Exercise data -

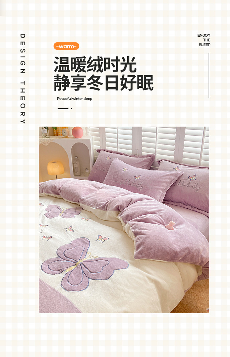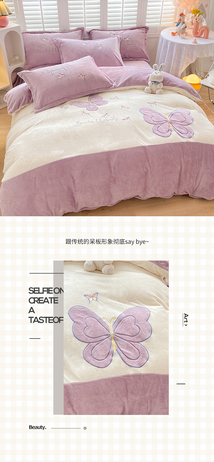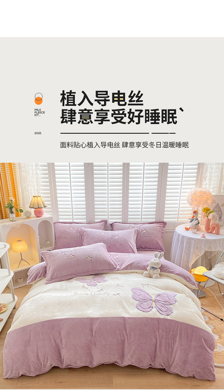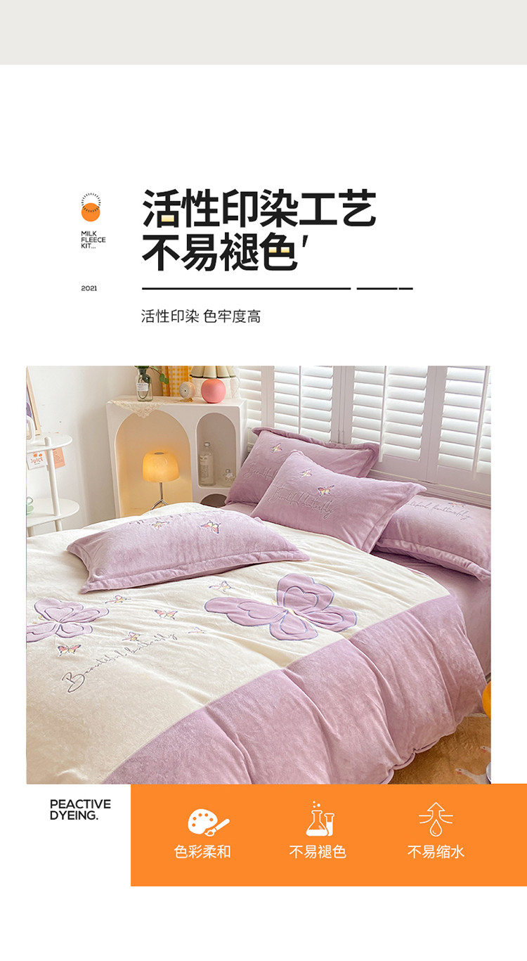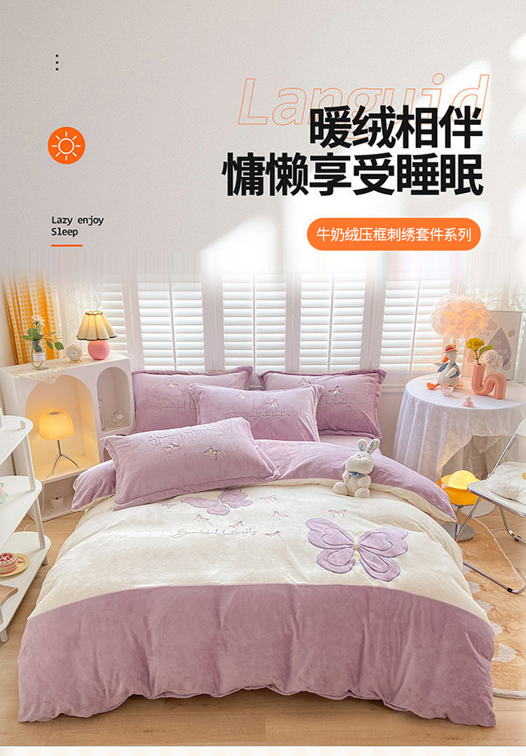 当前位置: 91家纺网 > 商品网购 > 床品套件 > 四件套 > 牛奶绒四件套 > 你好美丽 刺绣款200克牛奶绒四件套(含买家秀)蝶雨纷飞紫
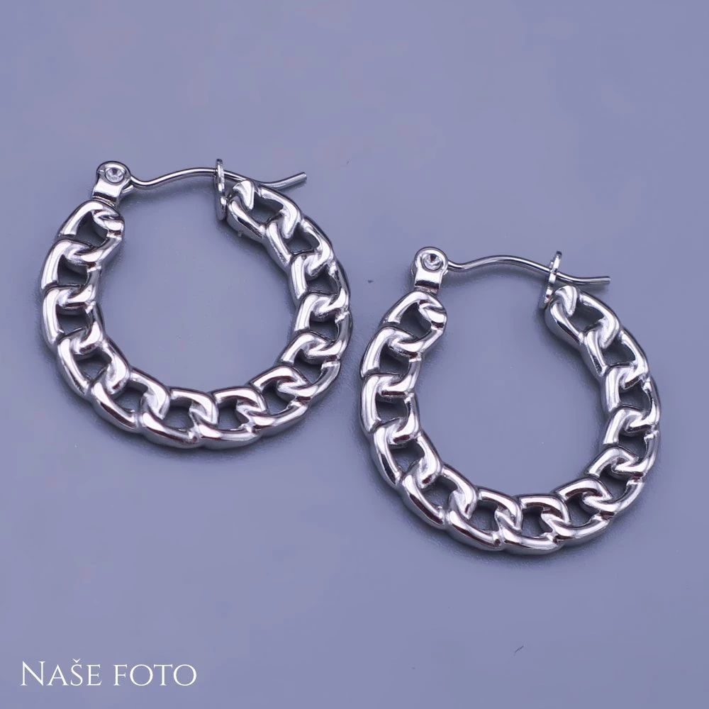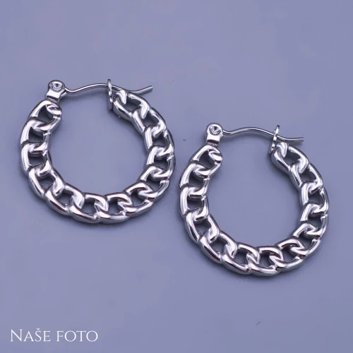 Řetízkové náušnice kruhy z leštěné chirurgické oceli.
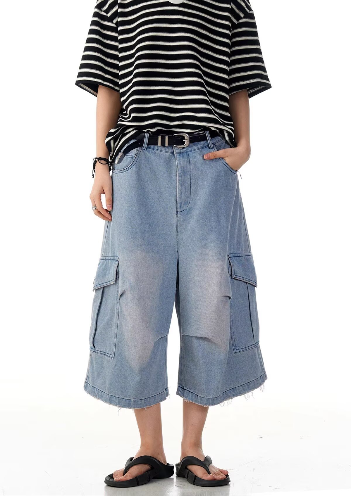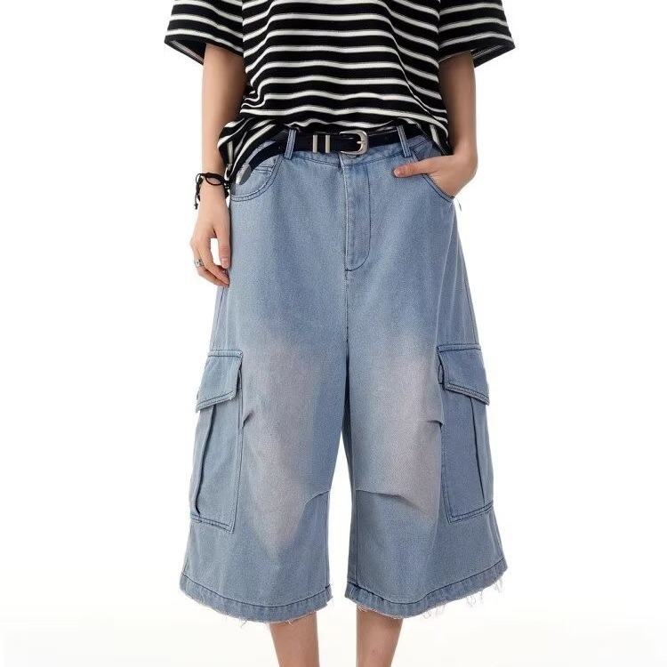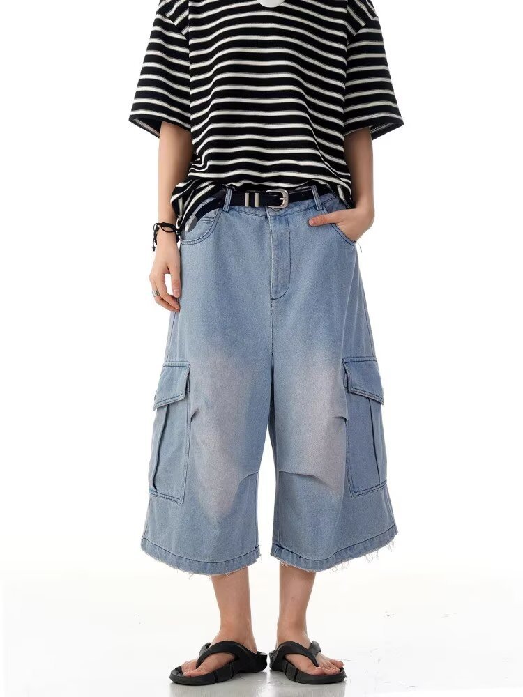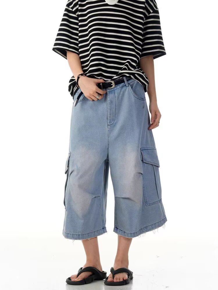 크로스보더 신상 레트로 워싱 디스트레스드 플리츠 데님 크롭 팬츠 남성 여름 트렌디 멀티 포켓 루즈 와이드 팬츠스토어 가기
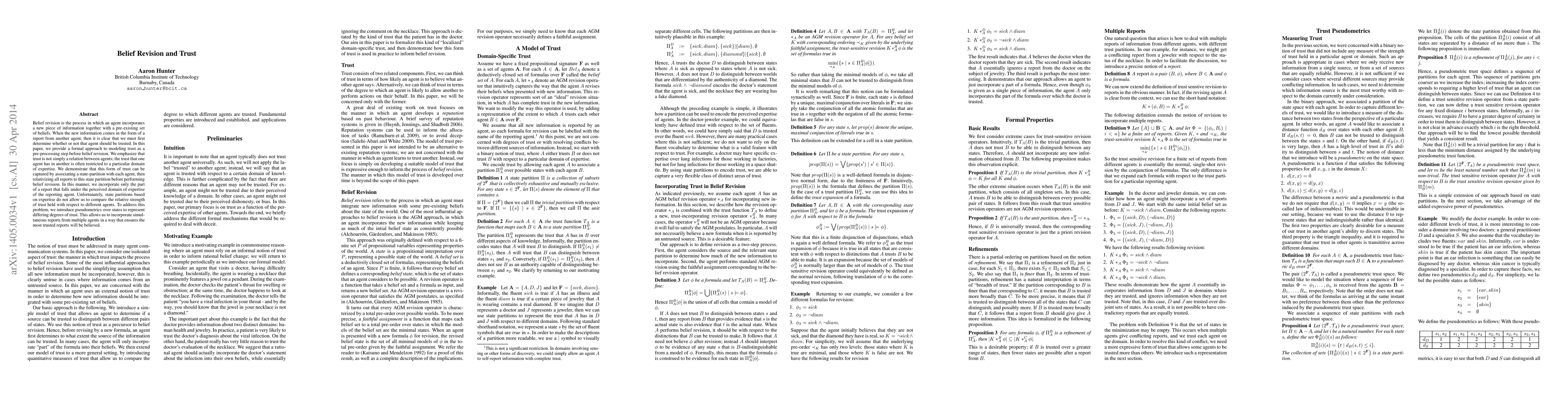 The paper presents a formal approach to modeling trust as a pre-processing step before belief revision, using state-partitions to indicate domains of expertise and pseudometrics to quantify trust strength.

What the exercise asks - Omit every picture while copying the listing above exactly.

Written response -
 当前位置: 91家纺网 > 商品网购 > 床品套件 > 四件套 > 牛奶绒四件套 > 你好美丽 刺绣款200克牛奶绒四件套(含买家秀)蝶雨纷飞紫
 Řetízkové náušnice kruhy z leštěné chirurgické oceli.
 크로스보더 신상 레트로 워싱 디스트레스드 플리츠 데님 크롭 팬츠 남성 여름 트렌디 멀티 포켓 루즈 와이드 팬츠스토어 가기
 The paper presents a formal approach to modeling trust as a pre-processing step before belief revision, using state-partitions to indicate domains of expertise and pseudometrics to quantify trust strength.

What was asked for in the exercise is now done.